Unincorporated community in the state of Oregon, United States

Wilkesboro is an unincorporated community in Washington County, Oregon, United States. It is located on Oregon Route 6, one mile east of Banks.

Wilkesboro was settled in 1845 by its namesake Peyton G. Wilkes, and platted in 1912. The locale was named about the time United Railways built its interurban line through the area. The post office was established in 1916. In 1915 the town had a population of 50, two churches, a fraternal lodge, a farmer's alliance and a railroad depot. Later there was also a grocery, meat market, blacksmith shop and brickyard, but by 1990 none of these businesses remained. The post office was closed in 1932.
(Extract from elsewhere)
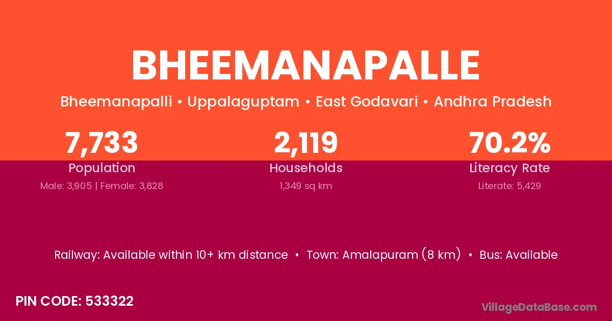 Amalapuram (8 km) is the nearest town to Bheemanapalle village for major economic activities and is located approximately 8 km away.
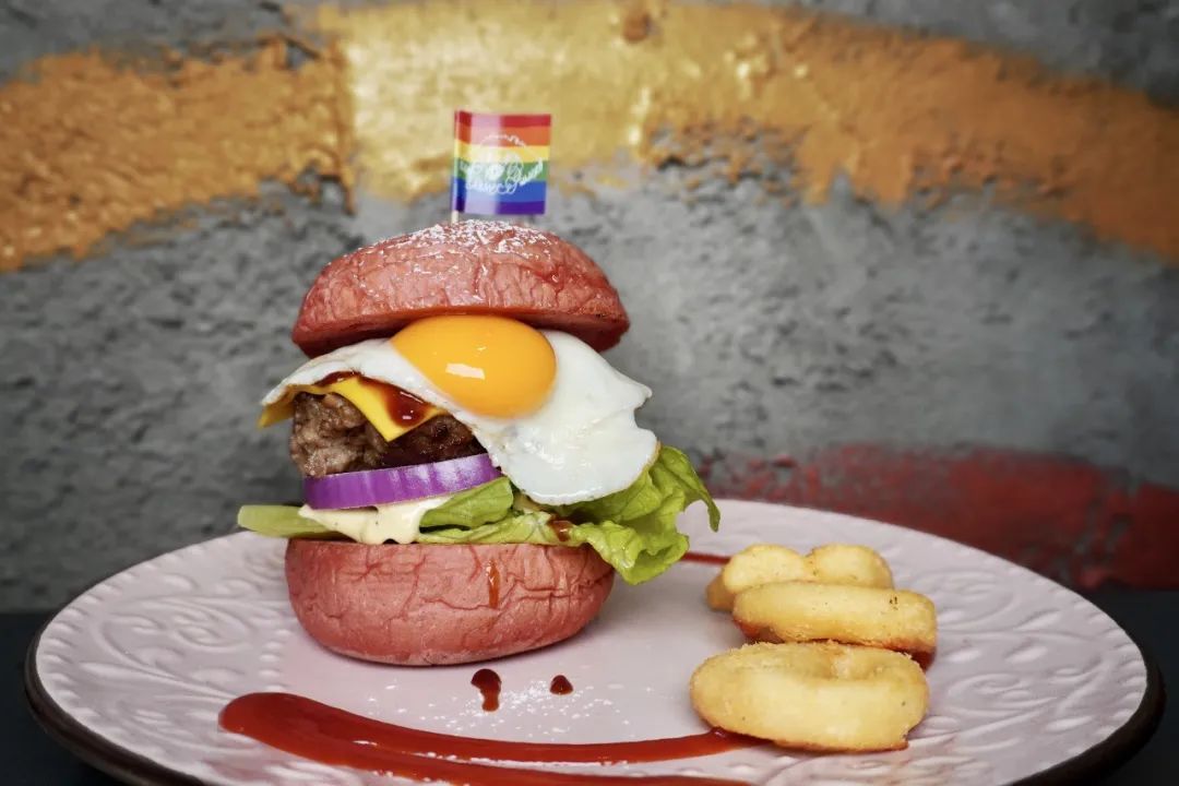 有心人還是可以在店里發現一些暗號,比如衛生間滿墻的彩虹貼紙,特定月份贈送的彩虹棒棒糖,配餐薯餅是擠眼圖案(注:擠眼是多元女性社區“熱拉”的一個熱門功能),漢堡上的彩虹小旗,以及更多顏色選擇的漢堡面包。

The terminus of the United Railways line was in Wilkesboro, and Gales Creek and Wilson River Railroad (GC&WR) started from this line and ran 12.75 miles to Glenwood. The GC&WR also connected with the Tillamook Branch of the Southern Pacific line in Wilkesboro—that line is now operated by the Portland and Western Railroad via a lease agreement with the Port of Tillamook Bay Railroad. When Oregon Route 6 was extended from Glenwood in 1957, portions of it used the then-abandoned GC&WR grade. The United Railways track was eventually extended to Vernonia but is now abandoned.